:: How to complete this task ::
Return only the lines from the start of the records through the line that contains "วันทึ่ 2 ธ.ค.67", inclusive; leave out all pictures.

:: Collected data ::
-*-*-
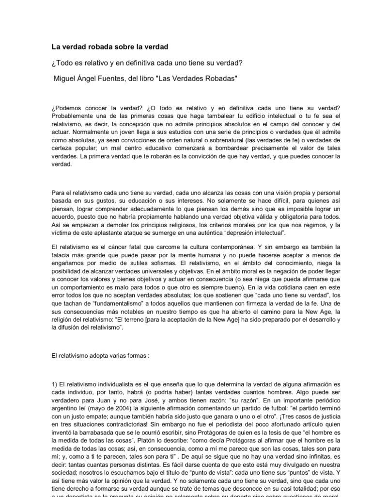 Podemos conocer la verdad? O todo es relativo y en definitiva cada uno tiene su verdad? Probablemente una de las primeras cosas que haga tambalear tu edificio intelectual o tu fe sea el relativismo, es decir, la concepcin que no admite principios absolutos en el campo del conocer y del actuar. Normalmente un joven llega a sus estudios con una serie de principios o verdades que l admite como absolutas, ya sean convicciones de orden natural o sobrenatural (las verdades de fe) o verdades de certeza popular; un mal centro educativo comenzar a bombardear precisamente el valor de tales verdades. La primera verdad que te robarn es la conviccin de que hay verdad, y que puedes conocer la verdad.
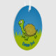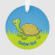 Cartoon illustration of a happy turtle. Custom text on both sides.
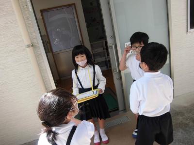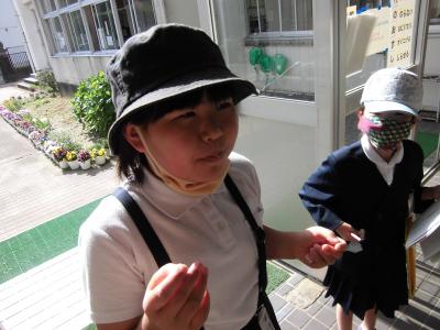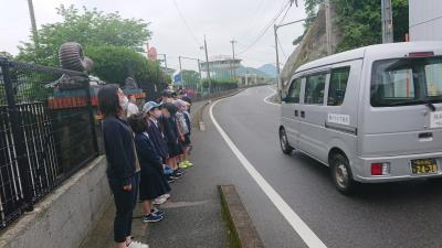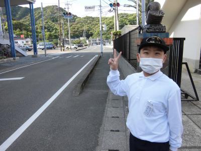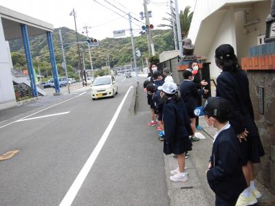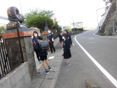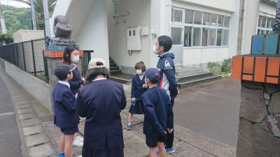 朝はいつものように正門前で地域の皆様へのあいさつをしていると、子どもたちがちらほらとやってきて・・・。
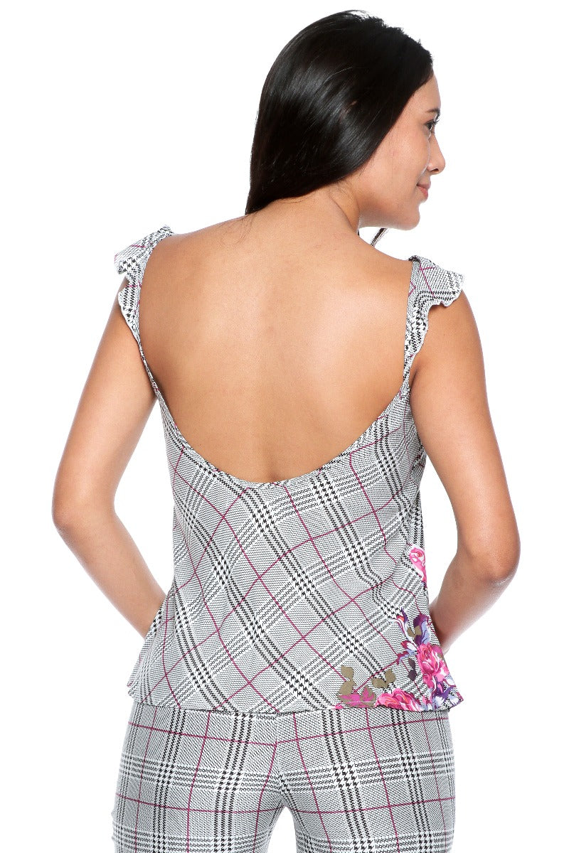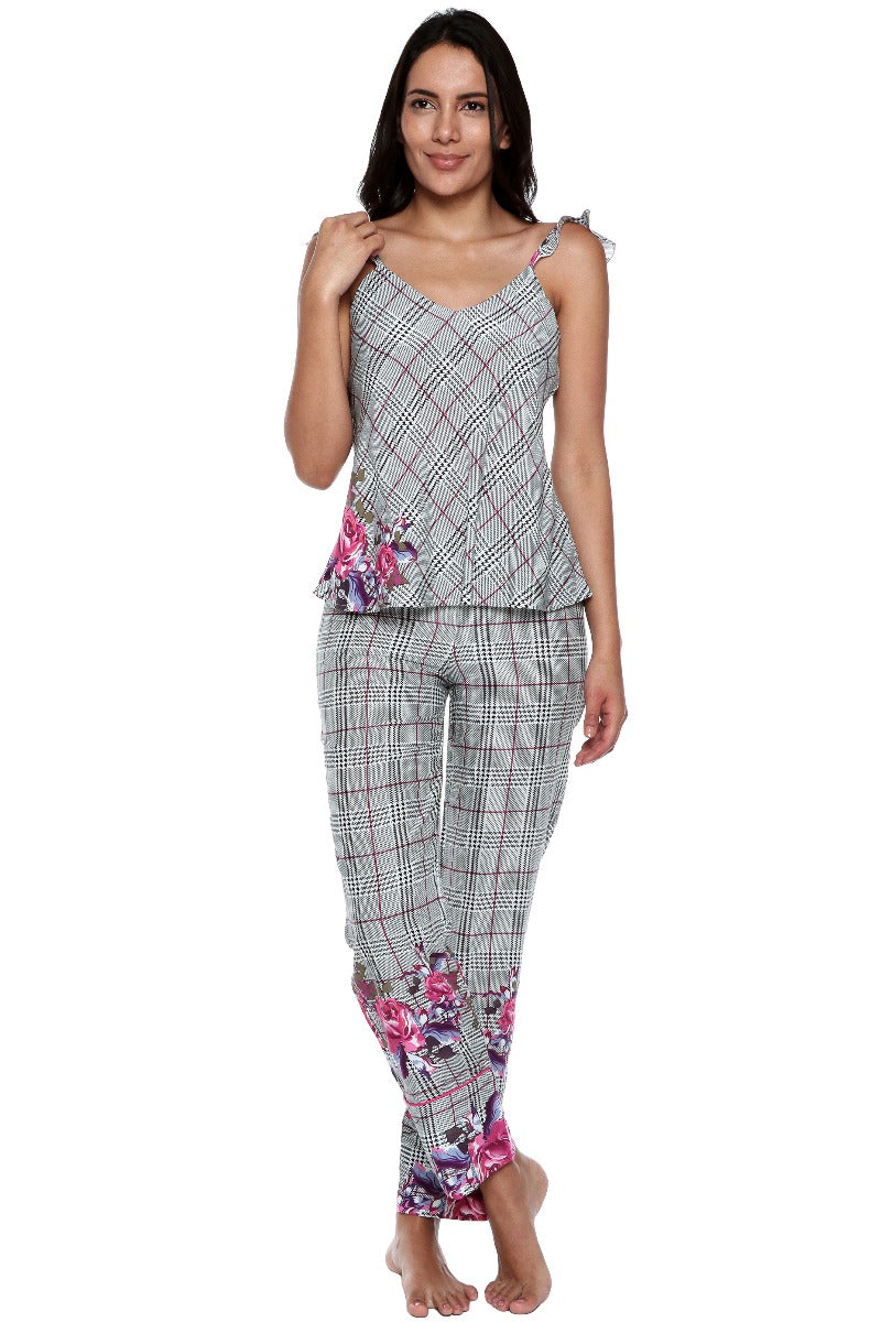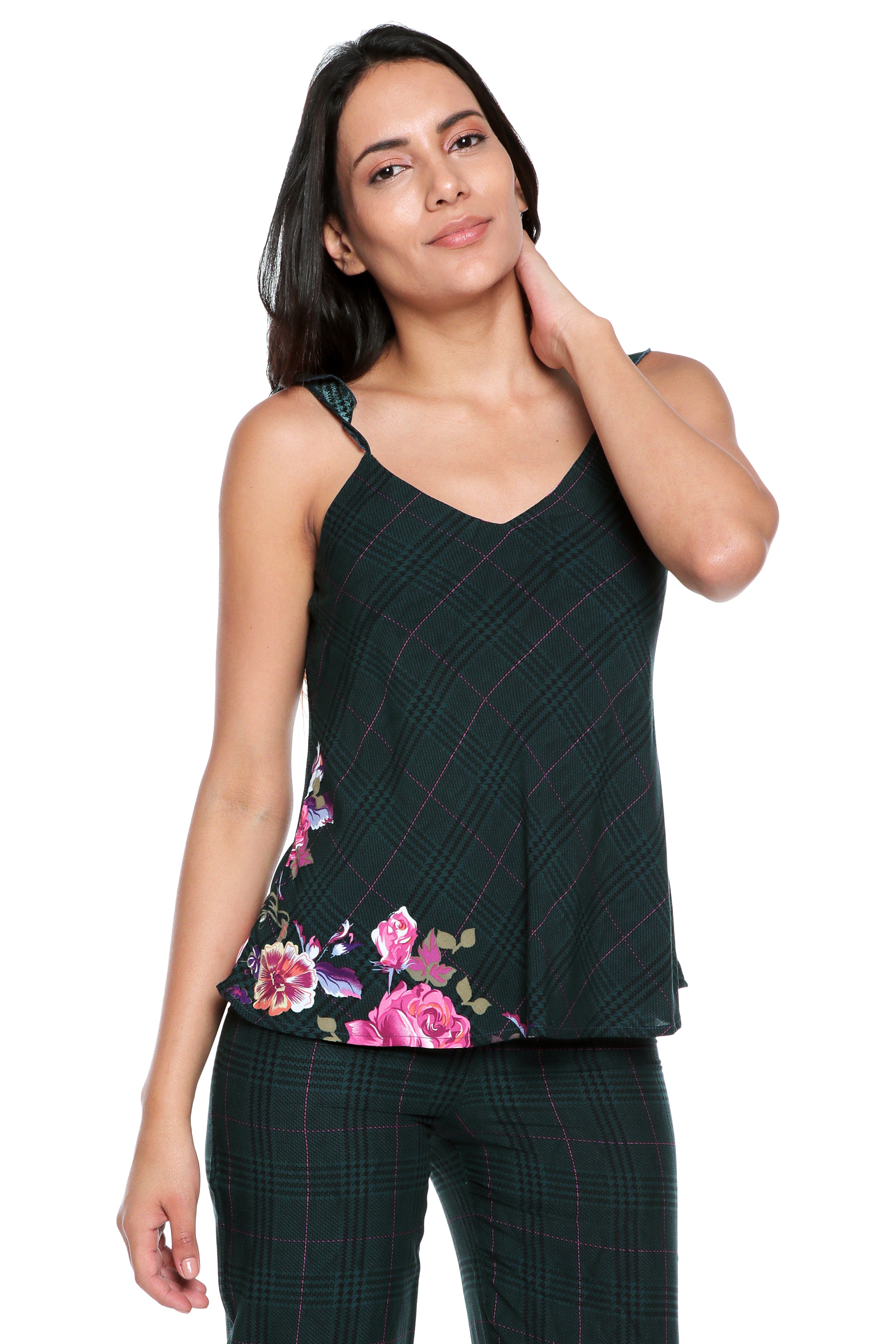 Introducing our Spring Collection top, featuring ruffle straps and a beautiful floral print in pink hues on a green or gray background. Made from a soft cotton with a luxurious viscose finish, this top is perfect for loungewear or to wear out and about paired with shorts or pants. The versatile design allows for mix-and-match options, making it a great addition to your wardrobe. Order now and experience the comfort and style of our Spring Collection.
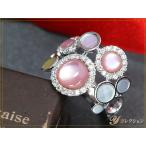 シェル(母貝)ピンク・イエロー・ホワイト サークルが重なり合う立体感 K18WGホワイトゴールド リング 指輪 受注品
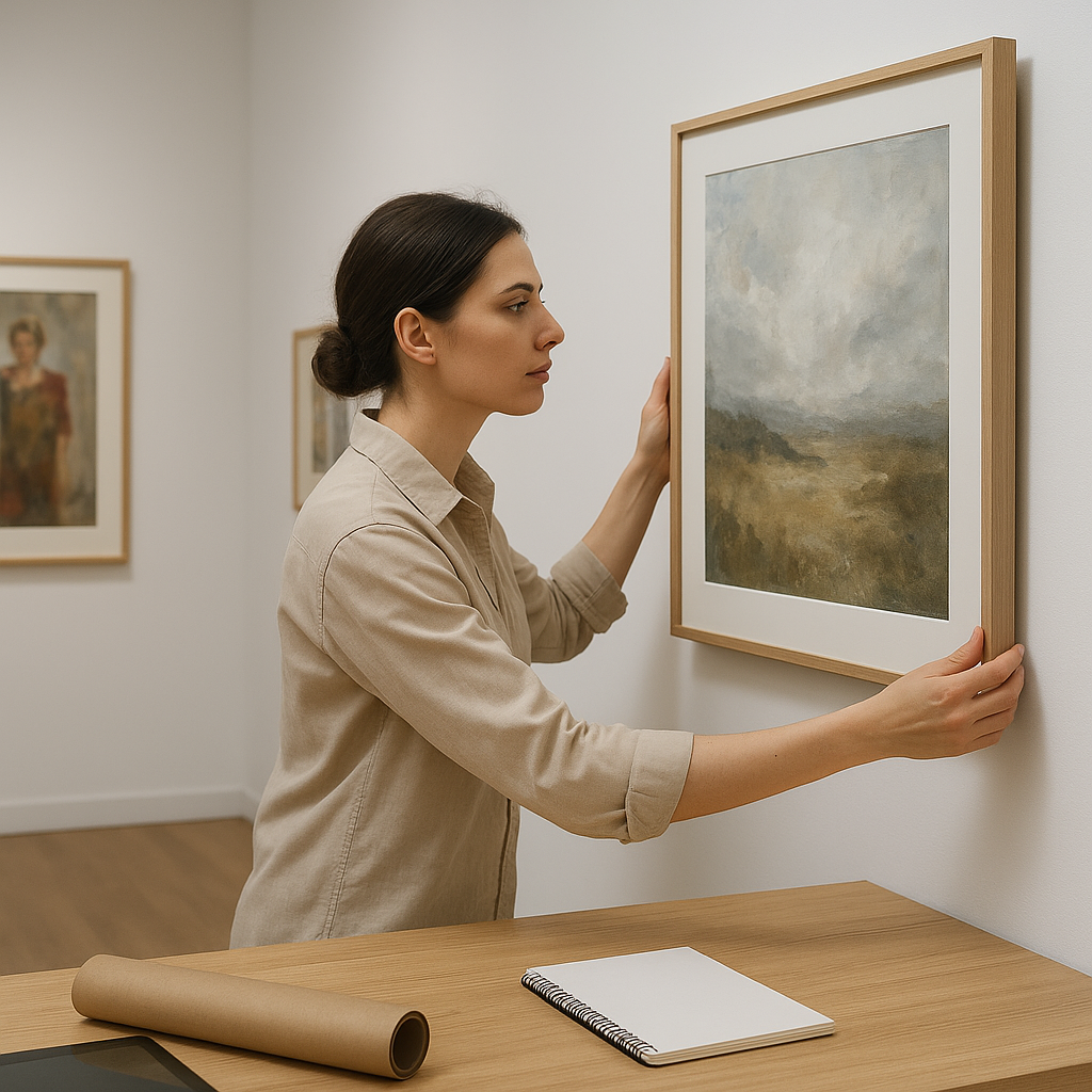 Asystenci kuratora sporządzają szczegółowe katalogi zawierające opisy, wymiary i fotografie poszczególnych prac. Na podstawie tych dokumentów tworzy się plan rozmieszczenia i przygotowuje materiały promocyjne.
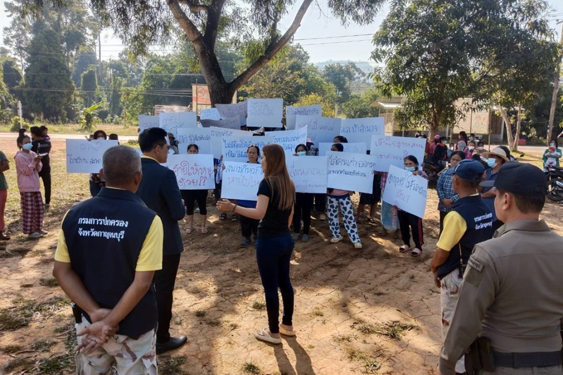 วันทึ่ 2 ธ.ค.67 ชาวบ้านหมู่บ้านสะพานลาว ต.สหกรณ์นิคม อ.ทองผาภูมิ จังหวัดกาญจนบุรี ได้ร่วมกันพร้อมถือป้ายข้อความขับไล่ ผอ.โรงเรียนแห่งหนึ่ง ตั้งอยู่ ต.สหกรณ์นิคม อ.ทองผาภูมิ ให้ออกนอกพื้นที่เนื่องจากทนพฤติกรรมและการกระทำตัวไม่เหมาะสม เข้ากับชาวบ้านไม่ได้ พร้อมทั้งชาวบ้านได้เรียกร้องให้ทาง ผอ.สำนักเขตการประถมศึกษา ได้ทำการตรวจสอบพฤติกรรม และการบริหารงานจำนวน 6 ข้อ โดยมีพฤติกรรมดังต่อไปนี้
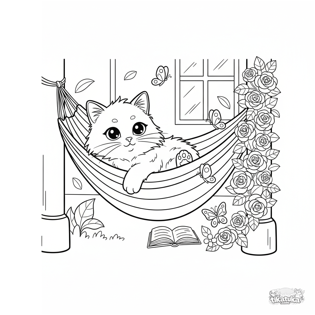 Ausmalbild für Kinder 4-6: Eine flauschige Katze entspannt in einer Hängematte und beobachtet Schmetterlinge. Niedliche und ruhige Szene mit einfachen Details.
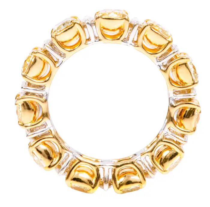 隆重介紹 Solitaire 黃鑽白鑽永恆戒指,散發優雅與時尚氣息的奢華單品。這款令人驚豔的永恆戒指鑲嵌著令人心動的黃鑽和白鑽組合,總重達 6.00 克拉。
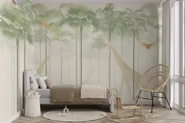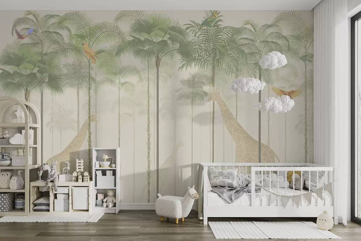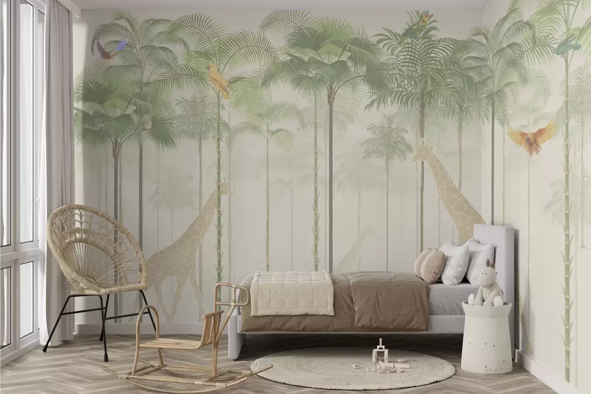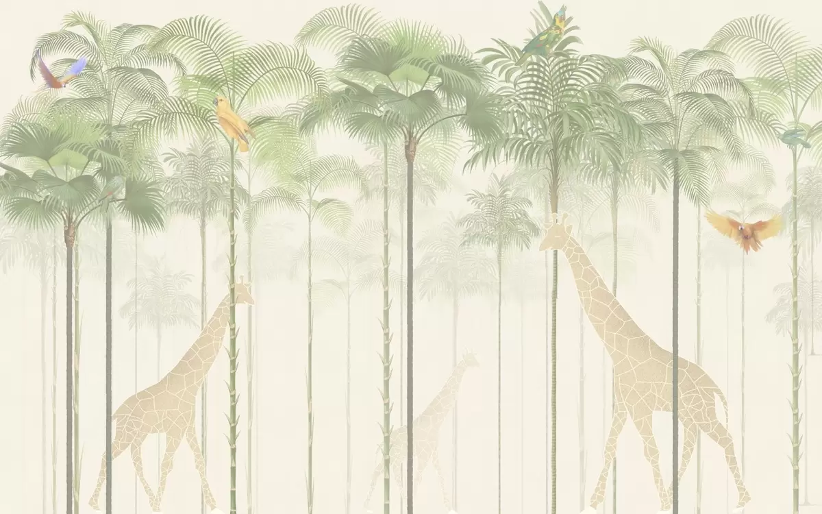Papel tapiz Jirafas y aves tropicales entre altas palmeras Nr. w04400
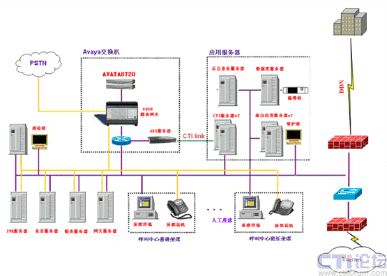 95190呼叫中心項(xiàng)目采用國(guó)際知名品牌AVAYA交換機(jī)作為系統(tǒng)接入處理,提供了包括數(shù)據(jù)庫(kù)服務(wù)器、文件服務(wù)器、CTI/IVR服務(wù)器、中間件服務(wù)器等相關(guān)后臺(tái)強(qiáng)有力的支撐服務(wù)設(shè)備,提供了三層網(wǎng)絡(luò)交換機(jī)、硬件防火墻等網(wǎng)絡(luò)設(shè)備等。整個(gè)系統(tǒng)達(dá)到960路中繼接入、180路人工座席、20路IP座席、360路IVR、15路傳真;支持7號(hào)信令、ISDN信令等信令協(xié)議;提供人工座席的實(shí)時(shí)同步錄音。
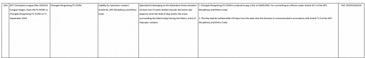 1-成都蓉城俱乐部因违反亚足联《纪律与道德准则》第65.1条,被责令支付3000美元罚款。
-*-*-
:: Task response ::
 Podemos conocer la verdad? O todo es relativo y en definitiva cada uno tiene su verdad? Probablemente una de las primeras cosas que haga tambalear tu edificio intelectual o tu fe sea el relativismo, es decir, la concepcin que no admite principios absolutos en el campo del conocer y del actuar. Normalmente un joven llega a sus estudios con una serie de principios o verdades que l admite como absolutas, ya sean convicciones de orden natural o sobrenatural (las verdades de fe) o verdades de certeza popular; un mal centro educativo comenzar a bombardear precisamente el valor de tales verdades. La primera verdad que te robarn es la conviccin de que hay verdad, y que puedes conocer la verdad.
 Cartoon illustration of a happy turtle. Custom text on both sides.
 朝はいつものように正門前で地域の皆様へのあいさつをしていると、子どもたちがちらほらとやってきて・・・。
 Introducing our Spring Collection top, featuring ruffle straps and a beautiful floral print in pink hues on a green or gray background. Made from a soft cotton with a luxurious viscose finish, this top is perfect for loungewear or to wear out and about paired with shorts or pants. The versatile design allows for mix-and-match options, making it a great addition to your wardrobe. Order now and experience the comfort and style of our Spring Collection.
 シェル(母貝)ピンク・イエロー・ホワイト サークルが重なり合う立体感 K18WGホワイトゴールド リング 指輪 受注品
 Asystenci kuratora sporządzają szczegółowe katalogi zawierające opisy, wymiary i fotografie poszczególnych prac. Na podstawie tych dokumentów tworzy się plan rozmieszczenia i przygotowuje materiały promocyjne.
 วันทึ่ 2 ธ.ค.67 ชาวบ้านหมู่บ้านสะพานลาว ต.สหกรณ์นิคม อ.ทองผาภูมิ จังหวัดกาญจนบุรี ได้ร่วมกันพร้อมถือป้ายข้อความขับไล่ ผอ.โรงเรียนแห่งหนึ่ง ตั้งอยู่ ต.สหกรณ์นิคม อ.ทองผาภูมิ ให้ออกนอกพื้นที่เนื่องจากทนพฤติกรรมและการกระทำตัวไม่เหมาะสม เข้ากับชาวบ้านไม่ได้ พร้อมทั้งชาวบ้านได้เรียกร้องให้ทาง ผอ.สำนักเขตการประถมศึกษา ได้ทำการตรวจสอบพฤติกรรม และการบริหารงานจำนวน 6 ข้อ โดยมีพฤติกรรมดังต่อไปนี้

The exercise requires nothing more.